**Extracted information:**
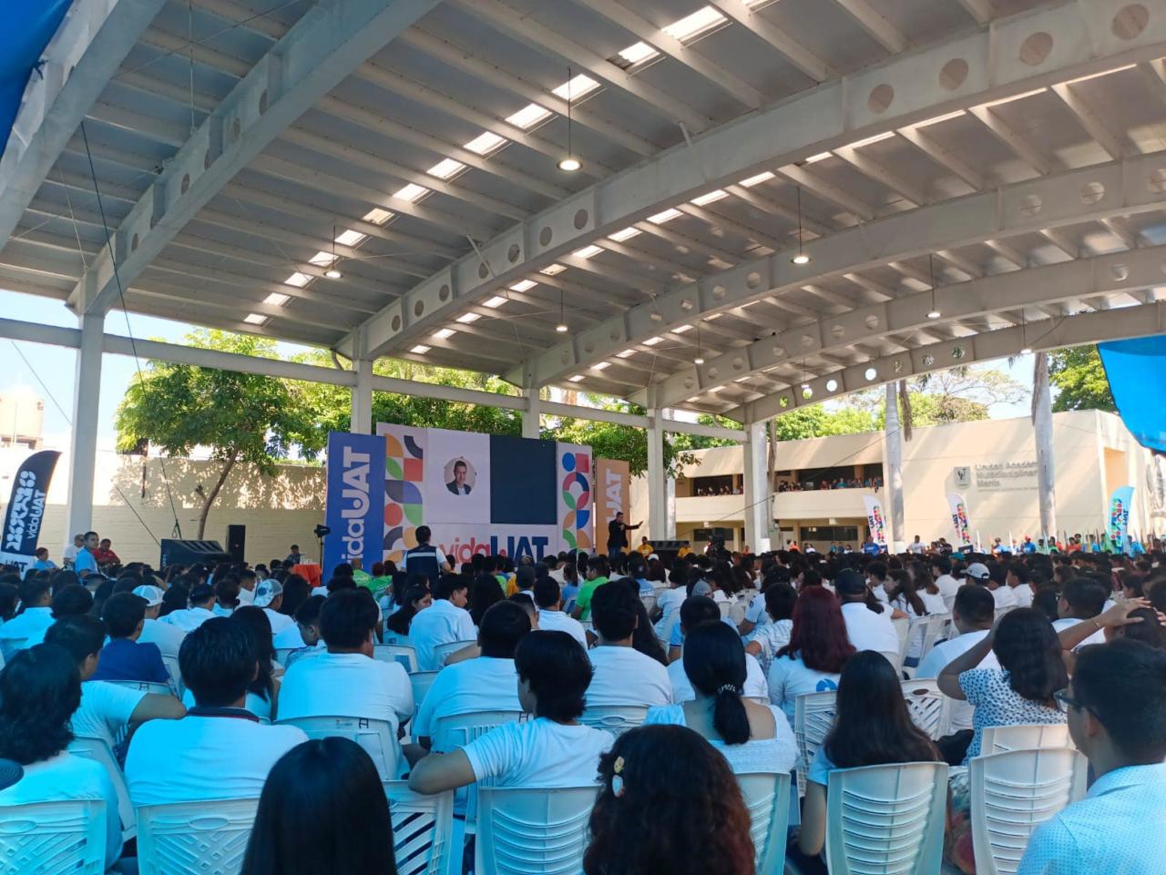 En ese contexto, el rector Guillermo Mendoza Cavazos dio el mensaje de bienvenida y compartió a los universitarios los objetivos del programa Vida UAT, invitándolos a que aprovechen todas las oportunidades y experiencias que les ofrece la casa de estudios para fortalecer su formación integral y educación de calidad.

...

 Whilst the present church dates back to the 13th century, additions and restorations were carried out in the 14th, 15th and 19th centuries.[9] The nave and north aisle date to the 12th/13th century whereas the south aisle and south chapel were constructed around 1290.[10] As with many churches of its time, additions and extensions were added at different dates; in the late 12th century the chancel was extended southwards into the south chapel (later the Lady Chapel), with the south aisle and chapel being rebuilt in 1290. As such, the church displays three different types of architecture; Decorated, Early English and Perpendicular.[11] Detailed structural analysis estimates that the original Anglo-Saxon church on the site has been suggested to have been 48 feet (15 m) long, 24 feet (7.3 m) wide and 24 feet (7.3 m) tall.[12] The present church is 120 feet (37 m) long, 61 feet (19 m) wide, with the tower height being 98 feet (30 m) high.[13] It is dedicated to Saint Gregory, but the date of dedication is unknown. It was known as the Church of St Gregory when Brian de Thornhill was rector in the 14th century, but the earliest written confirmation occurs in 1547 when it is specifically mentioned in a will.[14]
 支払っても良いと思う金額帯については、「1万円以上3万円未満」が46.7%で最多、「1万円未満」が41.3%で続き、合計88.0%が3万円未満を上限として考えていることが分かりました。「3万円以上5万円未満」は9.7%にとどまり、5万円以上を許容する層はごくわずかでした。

**Assigned task:** Extract the lines of the preceding material that run from the line with "Whilst the present" through the line with "支払っても良いと思う金額帯に", inclusive, reproducing them exactly and adding nothing.

**Exercise solution:**
 Whilst the present church dates back to the 13th century, additions and restorations were carried out in the 14th, 15th and 19th centuries.[9] The nave and north aisle date to the 12th/13th century whereas the south aisle and south chapel were constructed around 1290.[10] As with many churches of its time, additions and extensions were added at different dates; in the late 12th century the chancel was extended southwards into the south chapel (later the Lady Chapel), with the south aisle and chapel being rebuilt in 1290. As such, the church displays three different types of architecture; Decorated, Early English and Perpendicular.[11] Detailed structural analysis estimates that the original Anglo-Saxon church on the site has been suggested to have been 48 feet (15 m) long, 24 feet (7.3 m) wide and 24 feet (7.3 m) tall.[12] The present church is 120 feet (37 m) long, 61 feet (19 m) wide, with the tower height being 98 feet (30 m) high.[13] It is dedicated to Saint Gregory, but the date of dedication is unknown. It was known as the Church of St Gregory when Brian de Thornhill was rector in the 14th century, but the earliest written confirmation occurs in 1547 when it is specifically mentioned in a will.[14]
 支払っても良いと思う金額帯については、「1万円以上3万円未満」が46.7%で最多、「1万円未満」が41.3%で続き、合計88.0%が3万円未満を上限として考えていることが分かりました。「3万円以上5万円未満」は9.7%にとどまり、5万円以上を許容する層はごくわずかでした。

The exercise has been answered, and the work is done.